Treat high LDL-C and reduce secondary risk.

ANNOTATION

Initial Therapy: Evidence clearly supports initiation of pharmacotherapy when LDL is >130 mg/dL in patients with CHD (Scandinavian Simvastatin Survival Study Group, 1994). For CHD and CHD equivalents (i.e., type 2 DM) and patients with HDL >40 mg/dL and LDL <130 mg/dL, there is insufficient evidence on which to base a recommendation for pharmacotherapy. Individual clinicians may choose to initiate drug therapy for LDL >100mg/dL for secondary CHD prevention, based on consensus opinion. However, the CARE study, a prospective secondary prevention trial, found no outcomes benefit when high-dose pravastatin was initiated at a baseline LDL < 125 mg/dL (Sacks, 1996).

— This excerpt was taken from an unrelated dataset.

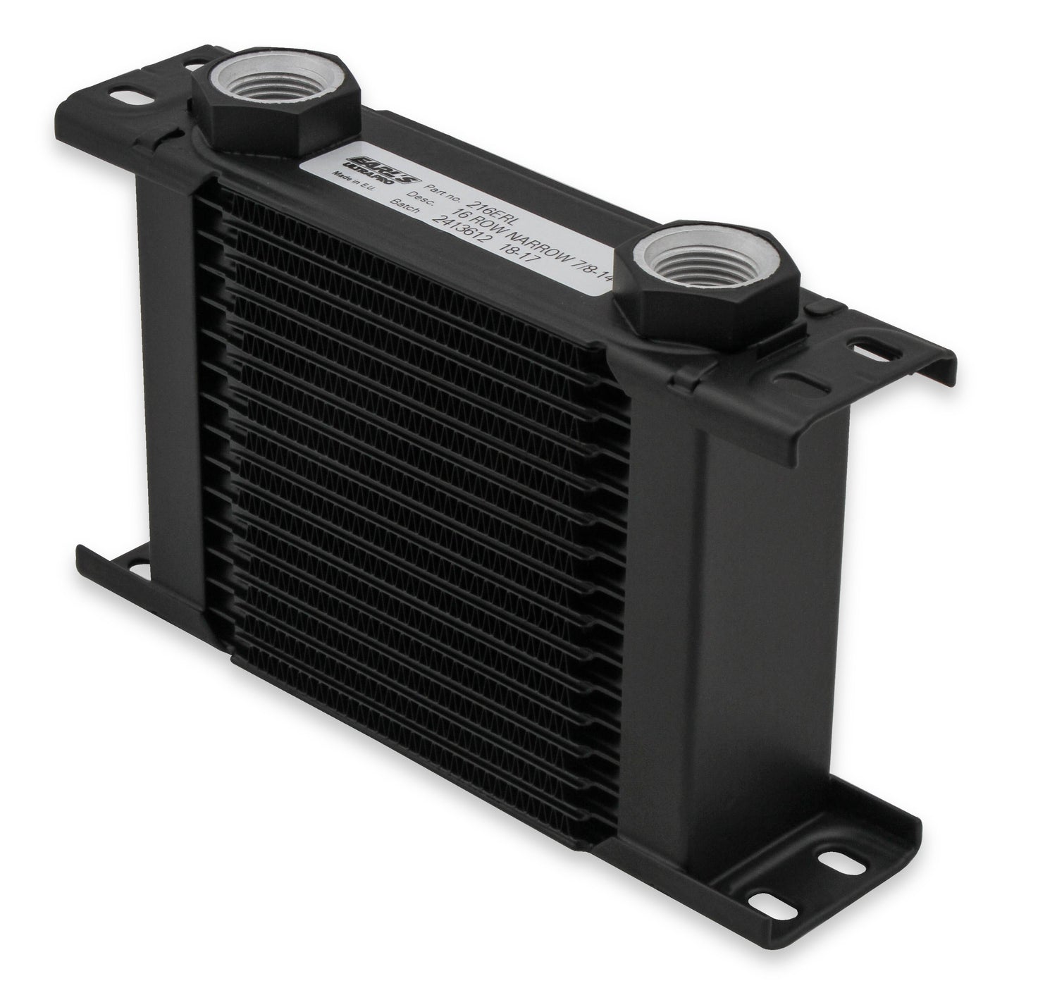 Earls new premium quality UltraPRO oil coolers are ideal for all high performance applications. These aluminum stacked plate style coolers are made using state of the art brazing techniques for a durable and long lasting premium cooler that is highly efficient w/ minimal pressure drop. These coolers are available in 30 sizes for all applications (i.e. engine oil cooler, transmission cooler, power steering cooler, valve spring cooler, differential / gearbox cooler, etc.). Three fan pack style coolers are now also available w/ a premium cooling fan & shroud. These coolers feature -10 AN O-ring female ports and are used with special ORB cooler fittings (-6 AN, -8 AN, -10 AN, or -12 AN) and AN hose ends. Earls will also now stock coolers w/ -16 AN male flares brazed on the cooler for applications that require larger ports for additional oil flow. Black Finish.

Choice of Drug: Statins are the best studied and show most benefit, in terms of absolute LDL reduction and patient outcome. Older trials with niacin and bile acid resins have shown modest reduction in LDL (10 to 20 percent) and CHD event rates, with some evidence of small mortality benefit. Fibrates, which have minimal effect on LDL, have shown reduced CHD event rates but not mortality (Frick et al., 1987; Rubins et al., 1999). Statin-based outcome trials have included lovastatin, pravastatin, and simvastatin. There is no convincing evidence that one statin is better than another. Choice and starting dose should be dictated by the required LDL reduction, as statins differ in their potency. The dose should be adjusted at six to eight week intervals until the LDL reduction goal is achieved.

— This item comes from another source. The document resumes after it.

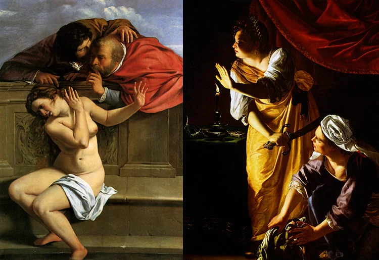 ‘Susanna and the Elders’ (1610), earliest of her surviving works [left]; ‘Judith and Her Maidservant with the Head of Holofernes’ (1523-1525) [right] | Source: historyhit.com

Aggressiveness of LDL Reduction: There is no direct evidence from RCTs that demonstrates a net benefit (in terms of clinically relevant endpoints) of treating to an LDL goal of less than 130 mg/dL. Indirect evidence from the 4S Trial (1994) demonstrated that in patients with previous CHD, treated with simvastatin to an average LDL of 118 mg/dL, the benefits clearly outweighed the harms. NCEP III recommends lowering LDL to <100 mg/dL in the secondary CHD and CHD equivalents (i.e., type 2 diabetes mellitus) prevention setting. Trials are now underway to determine whether even more aggressive treatment produces additional benefit. An angiographic trial in coronary artery bypass grafting (CABG) patients showed that patients treated to a target LDL <140mg/dL had worse outcomes than those treated more aggressively to a target LDL <85mg/dL (Post CABG Trial, 1997). After four years, angiographic progression for the aggressive and moderate groups was 27 percent and 39 percent, respectively. Revascularization was reduced by 29 percent in the lower LDL group. Some experts argue that it is the percentage drop in LDL, not the absolute LDL achieved, that is important in achieving benefit. Treating to New Targets (TNT) is a five year RCT currently under way looking at lowering LDL to very low target levels in patients with CHD, who are randomizing to atorvastatin 10 mg versus 80 mg/day. The results of the 4S Trial suggest that there may be additional benefits of lowering LDL to less than 130 mg/dL. The VA/DoD Working Group for the management of dyslipidemia recommend a treatment goal of <120 mg/dL, while waiting for a more definitive answer.

HDL Cholesterol <40 mg/dL with LDL <130 mg/dL: Large epidemiologic trials have shown that a low HDL is associated with an increased risk for cardiovascular events (Gordon, 1989). In the VA-HIT trial (1999), patients with established cardiovascular disease, an HDL <40 mg/dL and an LDL <140 mg/dL were randomized to treatment with gemfibrozil versus placebo. The mean entry HDL of the treatment arm was 32 mg/dL and the mean entry LDL level was 111 mg/dL. Following a mean follow-up of five years, the gemfibrozil treatment arm saw a 22 percent relative risk reduction in the combined end point of nonfatal myocardial infarction or death due to cardiovascular disease, and a 25 percent reduction in stroke. (Rubins et al., 1999) Subgroup analysis of VA-HIT strongly suggests that CHD patients with low HDL, triglycerides >200 mg/dL, hypertension, or impaired fasting glucose were particularly likely to benefit from gemfibrozil therapy. The study was not powered to detect an overall mortality benefit.
Based on this single trial, gemfibrozil should be considered in patients with a HDL-cholesterol <40 mg/dl and a normal LDL-cholesterol. However, the effects of a combination of a HMG Co-A reductase inhibitor (a 'statin') and a fibrate (gemfibrozil) are not known.